Monday, November 15, 2010

So proud!

Here is an op-ed piece that was recently printed in the Buffalo News. It is written by a former student of my stepmother's and talks about the way she changed his life through her teaching. Pretty neat.

Dan Schwartz: Great teachers make a world of difference

Updated: November 15, 2010, 11:26 AM

I wasn’t the class clown, but I had my moments. Most of the time I was bored gourdless in school. Then early in 10th grade, I was going through the motions of learning when a teacher passed out some dittos of Robert Frost poems. After sniffing the dittos — what made those things smell so good? — the teacher asked me to read one aloud, and after a couple of lines I began doing an impression of Frost.

“Two roads diverged in a yellow wood,” I began. “And I don’t care! I’m a cranky old man!”

The class went nuts. “That’s enough, Dan.”

I continued until “I doubted if I should ever come back,” at which point I rechanneled Frost and added, “I can’t come back! I’m Frosty the poem man!”

After more laughter, the teacher asked, “May we continue, Dan?”

Fearful of a referral, I continued on until “Two roads diverged in a yellow wood, and I — I took the one less traveled by — so try and catch me coppers!”

I apologized, but I’d been conditioned to expect punishment. My classmates had been conditioned to stare and see how I’d react to that punishment. The teacher simply asked, “You don’t like Frost very much, do you?”

“Uh, not necessarily. It’s just we’re kind of sick of him. We read him every year. Sorry I made fun of your favorite poet.”

She s-l-o-w-l-y walked to the back row. Teachers used to hit students in those days. Actually, they still do in less-enlightened states like Texas and Florida.

Instead of hitting me, she handed me more dittos. “I think you’ll like these better.”

They smelled the same, but on the way back to her desk she said, “Frost is not my favorite poet. William Butler Yeats is.”

I breathed easier and thought, “Great. Who the hell is William Butler Yeats?”

The poems she gave me were from “A Coney Island of the Mind” by Lawrence Ferlinghetti. I read them and was hooked. I had rediscovered reading.

I began hanging out with other readers and trading paperbacks. They recommended works by other writers. In biology class, I’d prop my textbook on my desk to hide and read novels.

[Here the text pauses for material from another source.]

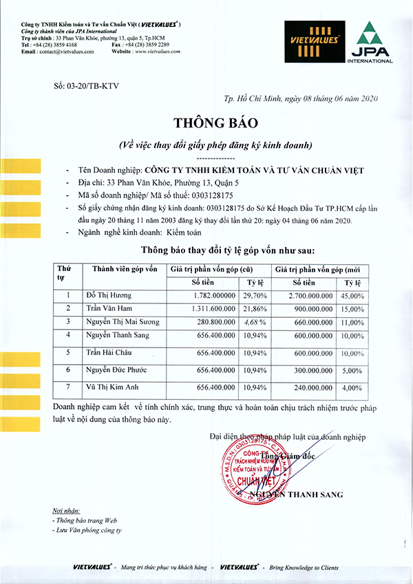 Thông báo giảm Kiểm toán viên 08/06/2020

This probably explains my biology grades, but by then I knew no matter what else I did in life, I wanted to read and maybe write. I even read Yeats.

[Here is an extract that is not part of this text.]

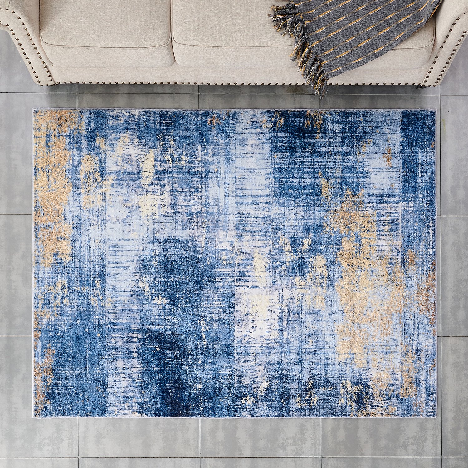 Home > ZARA Collection Abstract Design Blue Gold Machine Washable Super Soft Area Rug

Years later, my brother Matt sent me a postcard. “I found this cool bookstore in San Francisco. It’s run by a guy named Larry who says he’s a poet. Ever heard of him?” Matt had stumbled upon City Lights Bookstore. It’s owned by Ferlinghetti.

A few years after that, I attended a conference of the National Council of Teachers of English in San Francisco. Most of the sessions were great, but I do recall one where a teacher tried to convince us Frost’s “Stopping By the Woods on a Snowy Evening” was really about Santa Claus.

Matt kidnapped me from the conference. Without disclosing our destination, he walked me over to City Lights. Ferlinghetti wasn’t there that day, but I did get some books and my picture taken in front of the store.

The next day I was walking through the lunch-rush traffic when I thought I recognized someone. She was well past us when it dawned on me. I took a chance.

“Dr. Willert?” I hollered. She began walking back through the human tide. “How could you tell it was me?

We passed in a split second!” “Great teachers stand out in a crowd.”